Agreeing and sharing a clear ambition at project level is the cornerstone of a good relationship, enabling cross disciplinary teams to discuss issues in a common context and reduce the potential for confusion or conflict over what the teams expect to achieve. At an organisational level, a clear mission statement forms the basis of a cohesive culture, which positively feeds back into project teams.
It is vital that teams communicate early and often, starting with scheduled workshops. After that, emails and digital communication are useful ways to communicate but nothing compares to face-to-face collaboration. Written and verbal communication is rarely enough when design teams translate an idea for engineers; you need hand models, sketches, CAD or prototypes that are immeasurably more illustrative than just an email.
Involving engineering early in the design process enables issues to be identified and resolved more quickly. Both parties will gain a much fuller understanding of complexities by allowing engineers to work in CAD at the concept and exploratory phases and iterate in conjunction with designers. This early collaboration transforms the hand-off period into a fluid, naturally evolving process of development and refinement. It allows the designer to focus specifically on design itself rather than the implementation of the design in CAD, allowing them to work more freely, knowing that there is some degree of oversight on their work.

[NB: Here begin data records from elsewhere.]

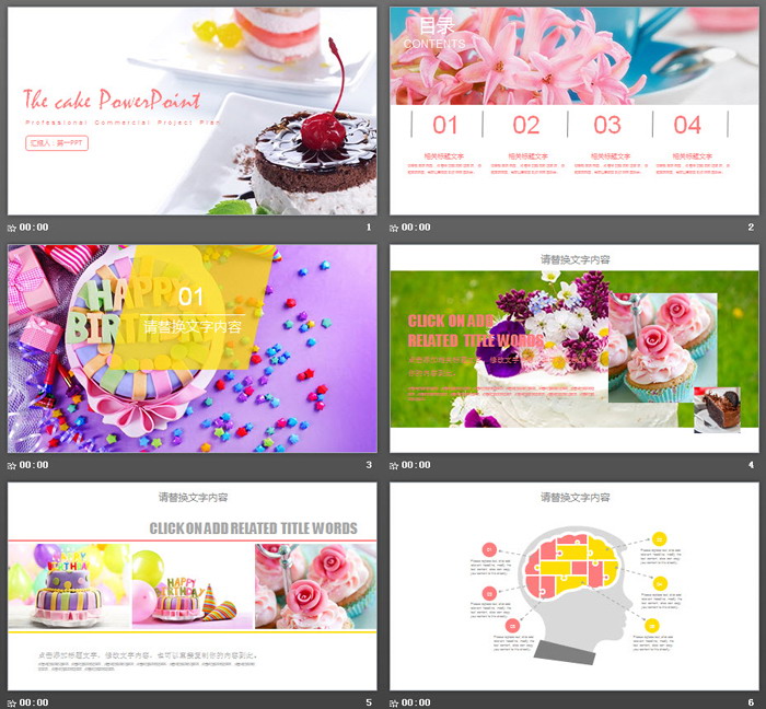 PPT模板内容页面,使用了粉色花卉、生日蛋糕、精致甜点作为排版素材,非常精美。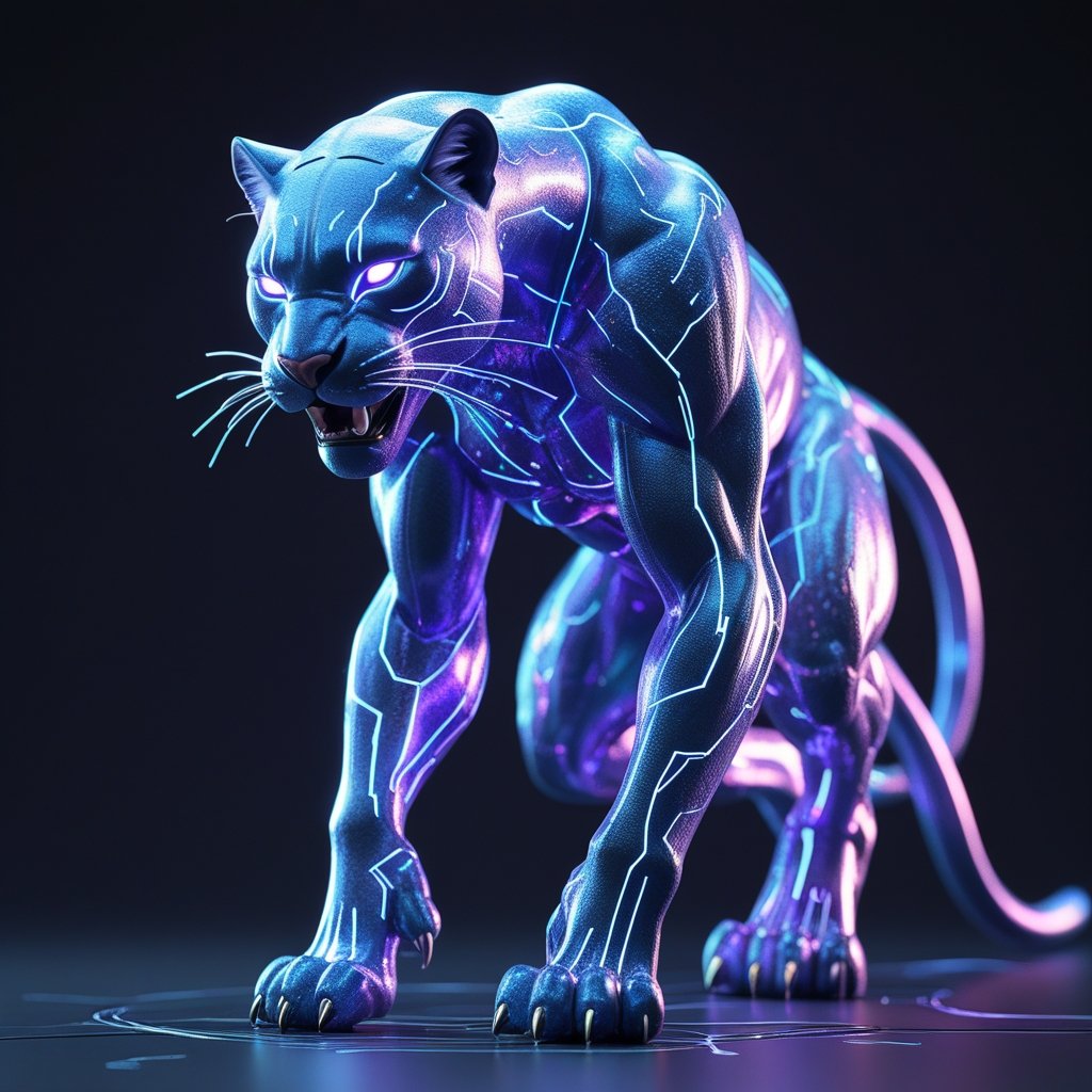 A sleek and powerful panther infused with glowing neon circuits, embodying stealth, agility, and digital prowess. This NFT represents the fusion of nature and technology, symbolizing strength and precision in the metaverse.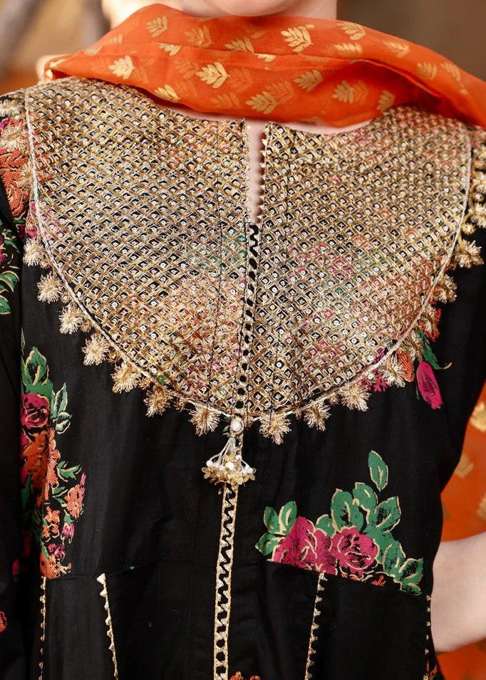 -Sequins, tilla and thread embroidered Cotton Lawn Pishwaas - Cotton Lawn Trouser -Screen Printed Organza dupatta with Kiran Lace. This article includes Pishwaas, trouser and Dupatta.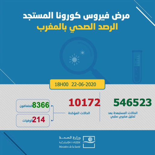 ارتفع عدد الإصابات بفيروس كورونا في المملكة المغربية اليوم الإثنين 22 يونيو 2020، إلى حدود الساعة السادسة مساء، إلى 10172 حالة، حيث أفادت معطيات وزارة الصحة الرسمية تسجيل زيادة 195 حالات جديدة، ليرتفع إجمالي الإصابات التي تم تسجيلها إلى 10172 حالة مؤكدة.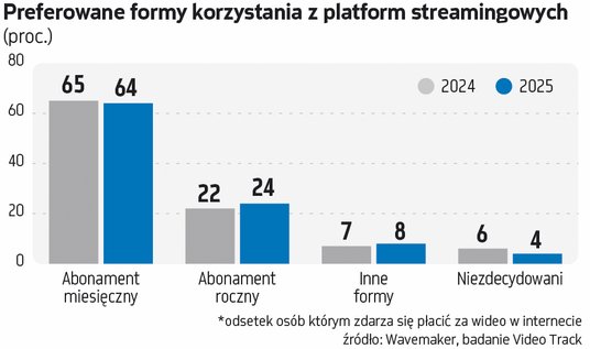 W lutowej fali badania 24 proc. ankietowanych, o 2 pkt proc. więcej niż w 2024 r., wskazało roczny abonament za najdogodniejszy. Nadal gros użytkowników woli subskrypcję miesięczną, choć grupa ta się lekko zmniejszyła (64 proc. vs 65 proc. w 2024 r.).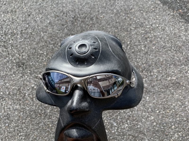 At the time color in Clear base lens with silver mirror, it looks similar to Oakley's Titanium Clear.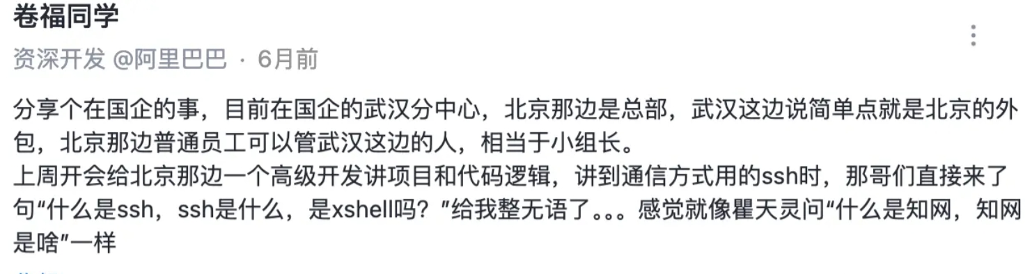 23年12月的时候,我从北京阿里离职了,回到离家近的武汉,拿了一个国企的offer,也是在那家国企待了一年多的时间。

Sharing a work area encourages natural and fluid interactions that can’t be matched by scheduled meetings or online interactions. Sure, you could organise weekly/bi-weekly or daily meetings but it is hard to the replace the value of spontaneous micro-meetings that happen when disciplines live together. Some of our most innovative ideas come from impromptu “collisions” between engineers and designers rather than organised meetings. It is also much easier to spread and embed a company culture across disciplines when teams interact naturally on a daily basis.
Engineering cannot rely on traditional techniques or practices to solve novel problems that arise from a creative design team that’s driving product development. They have to be far more adaptable and innovative and take cues from the design process. They should use exploratory and iterative techniques to progress a project, in much the same way that designers do. Combine this approach with traditional analytical engineering and you will develop a creative and user-focused team that can interface more easily with design professionals.
While engineers and designers are fundamentally different – and this difference is important to the development process – don’t underestimate the engineering capabilities of designers or the valuable insights engineers can bring to a design discussion. By leveraging individual capabilities regardless of background, you tighten relationships between teams. More importantly, you gain valuable team members that bring different perspectives to the project.
Integration of design and engineering is a way of life at Design Partners. All of the above have been instrumental in forging the culture of the company. Our engineering teams iterate and explore like designers; our designers appreciate the importance of analytical engineering. The result is a much more creative and user-focused team that works together to deliver quality products, on time and in budget.